My wife Tammy and I often enjoy these balmy spring evenings (note: apologies to those in the northeast who have yet to see any balmy evenings) by visiting a nearby frozen yoghurt shop after dinner. I was wearing my fleece jacket with the Yosemite patch of Half-dome on it. As we totaled up, the Asian owner asked me if I’d been to Yosemite. In the ensuing conversation, he revealed that he and his wife had climbed half-dome several times, as well as Mt. Whitney once.

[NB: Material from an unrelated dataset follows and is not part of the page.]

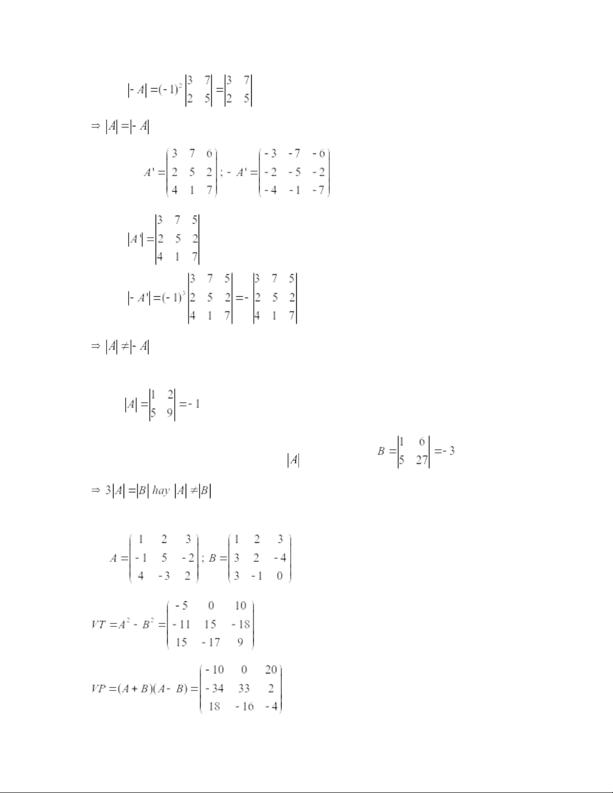 A là một ma trận vuông cấp 3 Vậy Bài 31 (SBT): Cho

When we learned that the part of Asia he was from was South Korea, Tammy told him of our enjoyable several days in the famous Sorak-san mountains of that country, which surprised him greatly.
The Sorak-san mountains, extolled in Korean poetry for nearly as long as China’s Huang Shan mountains (whose praises were sung by Li Po in the T’ang dynasty, over a thousand years ago), run along the east coast of Korea in its mid-line, plunging precipitously down to picturesque fishing villages where we greeted the boats returning at dawn laden with very lively squid, anchovies, octopus, and sea urchins. (Tammy purchased several octopods, expressly in order to walk further down the dock and liberate them back into the sea.) The granitic mountains themselves are laced with tumultuous, boulder-strewn streams below its Buddhist temples perched high up dizzying cliffs. Tammy and I negotiated the jumps to one large, flat stone in the midst of one stream, where we stretched out in the sun and re-lived the Chinese T’ang dynasty poet Wang Wei’s favorite pasttime on his own Green Stream: “Oh, to sit on a broad flat rock / And cast a fishing-line forever!”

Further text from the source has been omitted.